Pukul 13.30, tim dari Bank Mandiri datang, terdiri dari dua orang seorang pria dan wanita. Setelah mengenalkan diri mereka pun bertanya beberapa hal mengenai usaha saya. Diantaranya kapan berdiri, modal awal, nilai omset, karyawan, pemasaran produk. Mereka pun mengaku bahwa berkas-berkas para peserta ini akan segera dikirimkan. Dari setiap berkas yang masuk perarea akan disaring untuk dipilih pemenangnya untuk nantinya berlomba ditingkat regional dan nasional. Tujuan diadakan program ini menurut mereka adalah memacu pertumbuhan jumlah pengusaha-pengusaha baru dari kalangan generasi muda yang mampu menciptakan lapangan kerja bagi dirinya sendiri dan orang lain serta dapat bersaing dikancah globalisasi saat ini. Karena tidak menutup kemungkinan produk-produk dari industri kreatif dalam negeri diekspor keluar negeri yang mempunyai daya saing secara kualitas dengan produk-produk dari negara-negara lain.

Dan keraguan saya semula akhirnya benar-benar terbukti ketika pihak Bank Mandiri mengatakan bahwa para peserta yang mereka cari adalah pengusaha muda yang mengembangkan industri kreatif.

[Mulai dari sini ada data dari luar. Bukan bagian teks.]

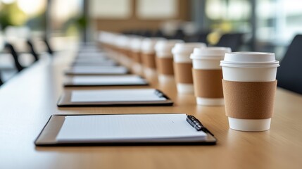 Modern conference room with sleek wooden design and white furniture

Meski bidang bisnis saya berbeda tapi mereka mengatakan jangan berkecil hati dikarenakan kompetisi ini penyaringannya bukan mereka menentukan jadi tidak ada salahnya untuk diikutsertakan, tentu saja jika dianggap unik dan bagus pasti akan dipilih. Satu hal yang menghapus keraguan saya saat itu juga.

Saya mempunyai impian untuk ikutserta event ini, bukan melulu untuk menjadi pemenang dan mendapat hadiah, tapi karena 4 hal. Pertama pengalaman baru dan juga kebanggaan karena besarnya event ini. Kedua, mentoring dari para ahli bisnis seperti Rhenald Kasali dan mentor-mentor bisnis lainnya. Ketiga, mungkin permodalan, karena informasinya para peserta akan dibantu permodalan oleh Bank Mandiri. Dan yang terakhir publikasi, dengan keikutsertaan ini bisnis kita akan terangkat dan dikenal oleh masyarakat dan memperluas jaringan pemasaran kita.

Sekitar pkl 14.00, mereka pun pamit pada saya dimana sebelumnya meminta berkas-berkas yang sebelumnya saya siapkan sebagai syarat keikutsertaan Program Wirausaha Muda Mandiri. Tentu saja keberanian mencoba adalah awal kesuksesan kita dan saya telah memulainya.